Estas palabras hicieron que disminuyese la tensión reinante. Si Sonny hubiera tenido intención de matarlo, no las habría pronunciado. Y bien que lamentaba Sonny no poder acabar con Carlo. Este no se atrevió a mirarlo. Mantenía la cabeza gacha, sus manos se aferraban todavía a la barandilla, y no se movió ni siquiera cuando su cuñado se hubo marchado. Coach, con su voz paternal, le dijo:

—Venga, Carlo, entremos en la tienda. Sólo entonces Carlo Rizzi se atrevió a moverse. Al ponerse de pie vio que los muchachos que habían estado jugando lo miraban con la expresión propia de quienes han sido testigos de la degradación de un ser humano. Estaba semiinconsciente, pero más por el miedo que por los golpes. En realidad, no presentaba ninguna herida seria, a pasar de la lluvia de puñetazos que había recibido. Dejó que Coach le acompañara a la habitación trasera de la tienda, y una vez allí se aplicó hielo en el rostro, que si bien no sangraba estaba completamente enrojecido. El miedo que había pasado, unido a la humillación, lo hizo vomitar. Coach lo sostenía como si estuviera borracho. Luego lo ayudó a subir a la vivienda y a acostarse en uno de los dormitorios. Carlo no se había dado cuenta de la desaparición de su otro «escribiente».

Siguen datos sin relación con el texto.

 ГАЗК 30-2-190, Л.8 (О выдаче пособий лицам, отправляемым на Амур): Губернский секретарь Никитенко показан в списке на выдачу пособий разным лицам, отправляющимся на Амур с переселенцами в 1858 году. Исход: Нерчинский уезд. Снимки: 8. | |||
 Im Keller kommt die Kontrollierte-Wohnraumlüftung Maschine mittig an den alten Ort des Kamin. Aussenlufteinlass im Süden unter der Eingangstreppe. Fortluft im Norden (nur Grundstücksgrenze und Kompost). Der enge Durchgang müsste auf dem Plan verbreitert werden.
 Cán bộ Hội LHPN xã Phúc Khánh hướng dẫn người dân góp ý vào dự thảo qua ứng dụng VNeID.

Sally Rags había ido a la Tercera Avenida, y desde allí llamó a Rocco Lampone para contarle lo sucedido. Rocco acogió la noticia con calma y de inmediato telefoneó a su caporegime, Pete Clemenza. Éste exclamó:

—¡Ese maldito temperamento de Sonny!

Pero antes de proferir esta exclamación había tapado con la mano el auricular, de modo que Lampone no lo oyó.

Clemenza llamó a la mansión de Long Beach y pidió por Tom Hagen, quien tras enterarse de lo ocurrido hizo una pausa y dijo:

—Envía algunos coches a la carretera de Long Beach, sólo por si Sonny se ve envuelto en algún accidente de tráfico o en una discusión con algún conductor. Cuando se enfada no es dueño de sus actos. Además, es posible que nuestros «amigos» se hayan enterado de que está en la ciudad. Nunca se sabe.

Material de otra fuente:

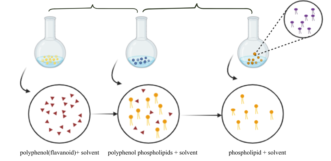 The complex can be separated by spraying, lyophilisation or precipitation mixed with non-solvents, including lithium-based hydrocarbons. During the complex formation of phytosomes, these two components form in a ratio of 0.5 to 2.0 moles. The ratio of flavonoids to phospholipids can be 1:1. shows how phytosomes are prepared methodically (5).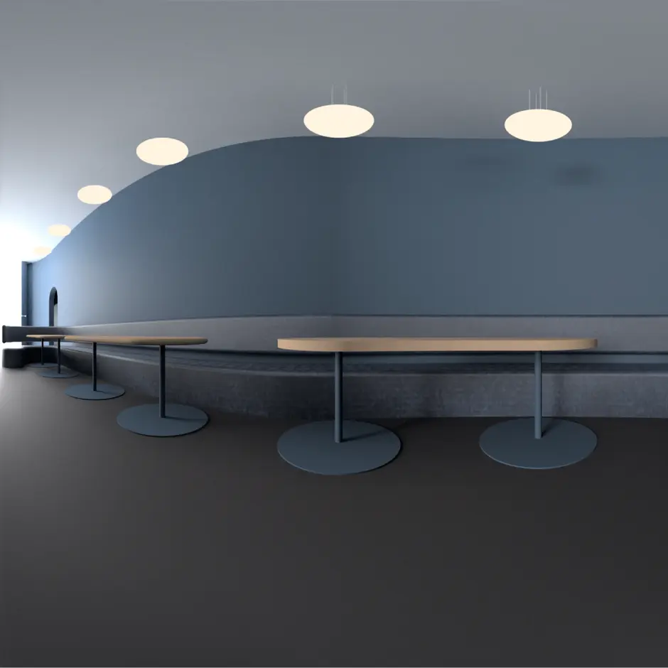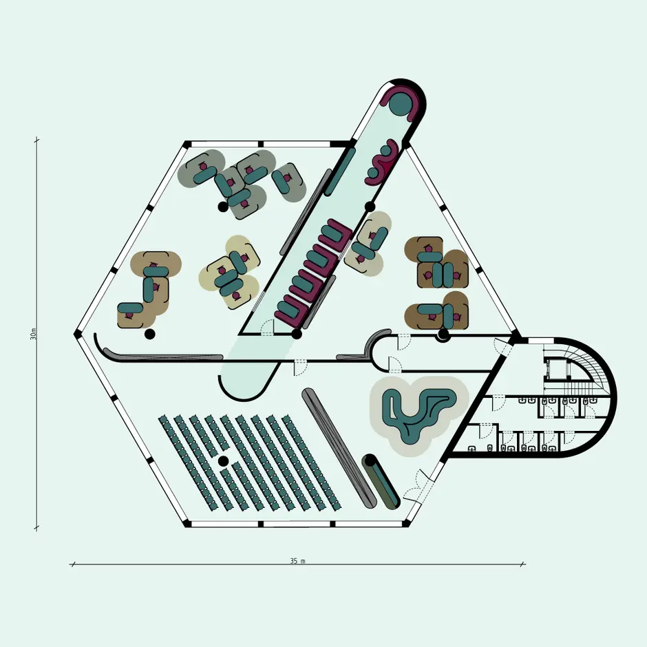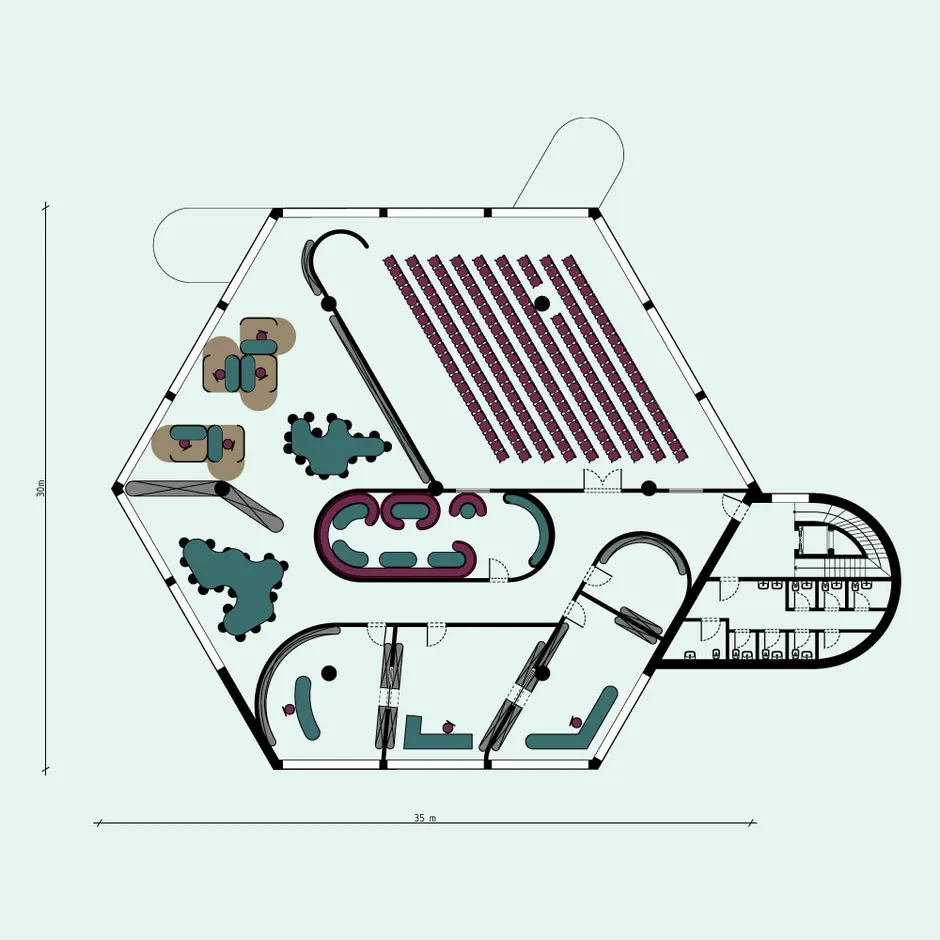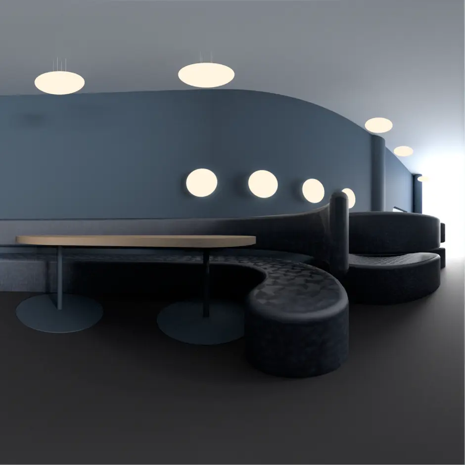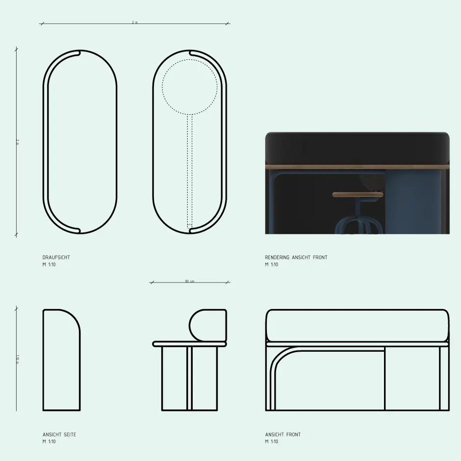 Die Möbel greifen die organische Formsprache des Konzepts auf. Sie sind aus schwungvollen intuitiven Formen. Wie hier beispielhaft eine Draufsicht auf das im Eingangsbereich stehende, fließende Sofamöbel. Dieses bietet Raum zu sitzen sowie zum verstauen.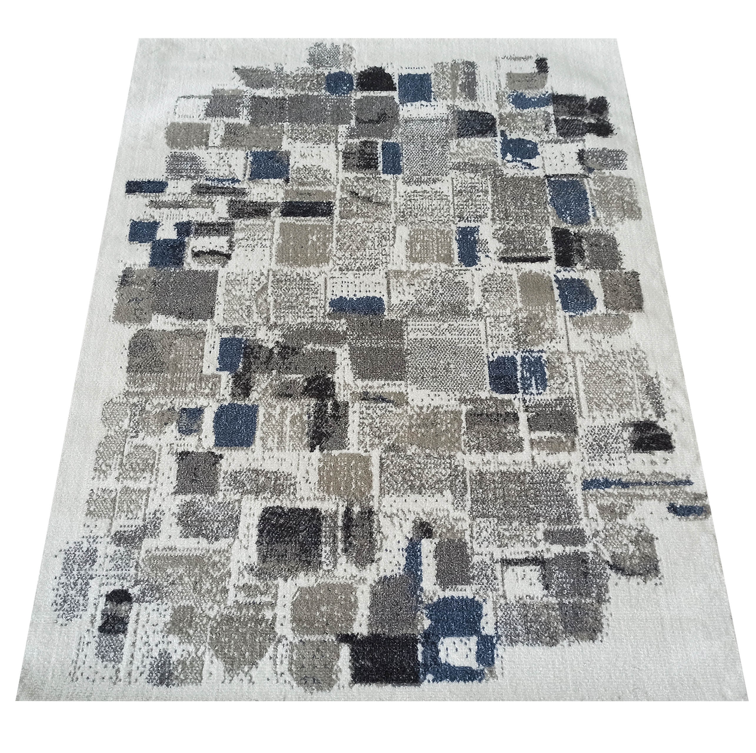 Makro Abra Kusový koberec LARA 04 Moderní krémový šedý modrý Rozměr: 60x100 cm

En tono de duda, Clemenza contestó:

—Antes de que mis hombres se pongan en marcha, Sonny habrá llegado a su casa. Y lo que vale para mis hombres, vale también para los Tattaglia.

—Ya lo sé —replicó Hagen, pacientemente—, pero si algo sucediera, Sonny se encontraría solo. Haz lo que puedas, Pete.

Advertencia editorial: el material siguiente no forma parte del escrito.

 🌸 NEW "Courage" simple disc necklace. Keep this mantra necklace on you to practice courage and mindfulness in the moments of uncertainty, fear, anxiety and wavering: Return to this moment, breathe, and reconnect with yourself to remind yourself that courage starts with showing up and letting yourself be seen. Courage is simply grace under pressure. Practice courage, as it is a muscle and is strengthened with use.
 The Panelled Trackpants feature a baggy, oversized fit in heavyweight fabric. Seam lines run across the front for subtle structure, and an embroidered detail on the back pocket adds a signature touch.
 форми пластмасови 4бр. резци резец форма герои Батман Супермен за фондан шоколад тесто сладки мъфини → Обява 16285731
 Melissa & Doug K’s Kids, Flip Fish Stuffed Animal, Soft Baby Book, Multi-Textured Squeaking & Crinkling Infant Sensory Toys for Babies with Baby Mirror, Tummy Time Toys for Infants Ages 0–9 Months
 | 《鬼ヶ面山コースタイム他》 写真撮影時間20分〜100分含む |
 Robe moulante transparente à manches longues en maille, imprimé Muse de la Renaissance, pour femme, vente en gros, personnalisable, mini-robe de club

De mala gana, Clemenza llamó a Rocco Lampone y le indicó que enviara a algunos hombres con sus coches a la carretera de Long Beach. En cuanto a él, subió a su amado Cadillac y, con tres de los hombres que guardaban su casa, salió en dirección a Nueva York.

Uno de los que habían estado en los alrededores de la pastelería, un apostador que era a la vez confidente de la familia Tattaglia, llamó a su contacto. Pero como la familia Tattaglia no se había preparado para la guerra, y la transmisión de informes era lenta y laboriosa en tiempos de paz, el contacto tuvo que atravesar varias barreras para acceder al caporegime que podía hablar con el jefe de la Familia. Para entonces, Sonny Corleone hacía ya largo rato que había llegado sano y salvo a la casa de Long Beach, donde debería enfrentarse con la cólera de su padre.